The genesis of the cancer is also influenced by the endocrine pancreas. In vivo studies concerning the effects of administration of exogenous insulin and/or induction of diabetes on pancreatic cancer have provided inconsistent data that reflect the complex interactions that may be involved in tumor growth [5356]. Exogenous insulin significantly reduced the induction of benign and malignant pancreatic lesions in hamsters when given 2 hours before BOP, but the reduction in incidence was not significant when insulin was given simultaneously with BOP or 2 hours after BOP [53]. Cancer incidence in hamsters receiving insulin twice daily starting before BOP administration and continuing through the experimental period did not differ significantly from that in controls that received BOP only [54].

When hamsters were given streptozotocin (SZ) injection to diminish insulin cells and given insulin from the following day untill the end of the experiment, the inhibition of carcinogenesis in hamsters receiving SZ+BOP+insulin treatment was greater than that seen in the SZ+BOP group, compared to group treated by BOP only [54]. Hamsters receiving SZ+insulin had significantly fewer insulinomas than SZ-only animals [54]. Because insulin administration was associated with inhibition of beta cell regeneration and persistence of severe diabetes in hamsters treated with SZ [57], the investigators in the SZ/BOP/insulin study concluded that intact islet cells, rather than the availability of insulin, are prerequisite for triggering the neoplastic effects of BOP [54]. The association of intact islets with pancreatic cancer induction is also shown in transplantation studies in which tumors develop in the submandibular gland after BOP treatment if normal islets are transplanted to that site but not when pancreatic ductal cells, thyroid, heart muscle, or starch are introduced into the gland [5860]. Submandibular gland tumor incidence was not changed when hamsters were pre-treated with SZ before islet transplantation [60].

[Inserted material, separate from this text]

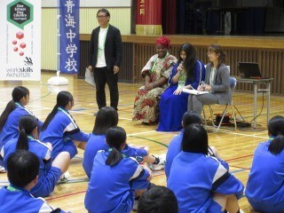 技能五輪あいち2028のための、「One School One Country」の事業が青海中で行われました。愛知県の代表としては、市内の中学校では、青海中がこの事業に取り組みました。モロッコとナイジェリアの留学生の方を迎え、交流をしました。2028年には、市内の全小中学校も交流先の国を決めて、交流する案もあるそうです。2年生の生徒が、持ち味を生かして、交流を楽しみました。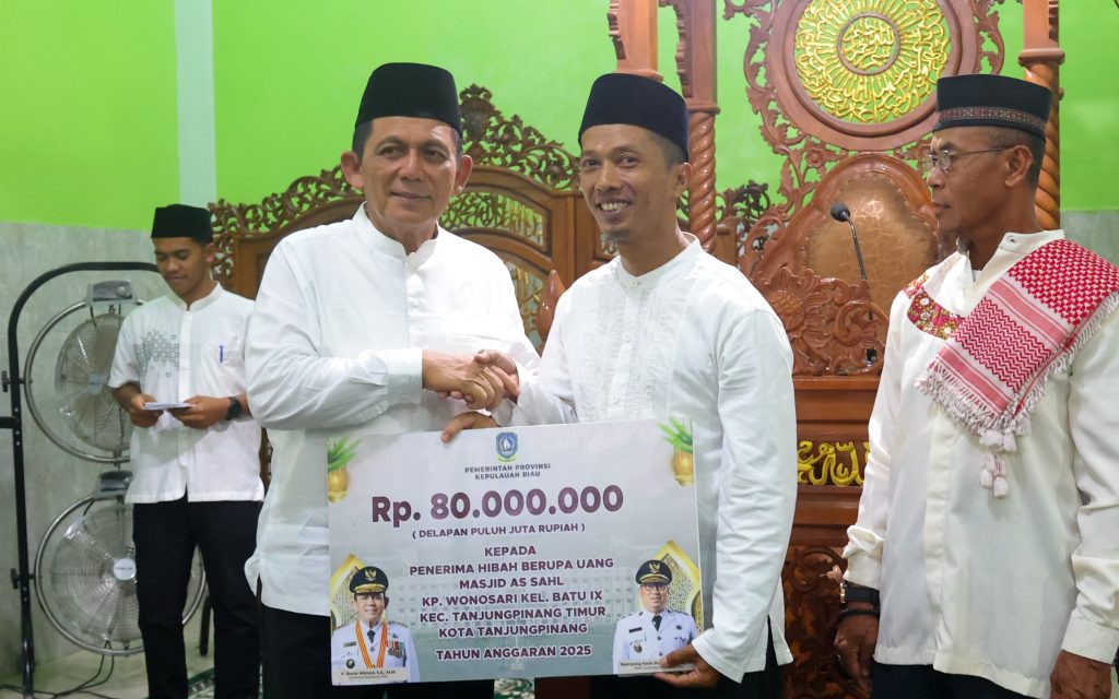 Dalam kesempatan ini, Gubernur Ansar menyerahkan bantuan hibah sebesar Rp 80 juta untuk masjid serta bantuan dari Baznas Kepri kepada 30 penerima yang terdiri dari guru TPQ, pengurus makam, fardu kifayah, dan pengurus masjid.

A study of pancreatic cancer in hamsters fed a high-fat diet that potentiated pancreatic cancer provided data suggesting that islet proliferation associated with insulin resistance enhances carcinogenesis [61]. In that study, high-fat-fed hamsters had elevated insulin levels but normal glucose levels, which was consistent with a state of insulin resistance [61]. The turn-over rate of cells in islets is significantly increased in the high-fat animals, suggesting a compensatory islet cell proliferation [61]. Administration of metformin, starting 2 weeks before the administration of BOP and continuing throughout the experiment, normalized insulin concentrations and the rate of islet cell turnover [61]. Malignant pancreatic lesions were found in 50% of the high-fat/BOP animals and none in the high-fat/BOP/metformin group (P < 0.05) [61].

Conclusion

Recent studies indicate that there is no simple answer to the question of which of the two hypotheses stated at the beginning of this review is right. However, it appears that these hypotheses are not mutually exclusive, since there is considerable experimental and epidemiological evidence in support of both of them. Clearly, the relationships between pancreatic cancer and alterations in glucose metabolism are very complex.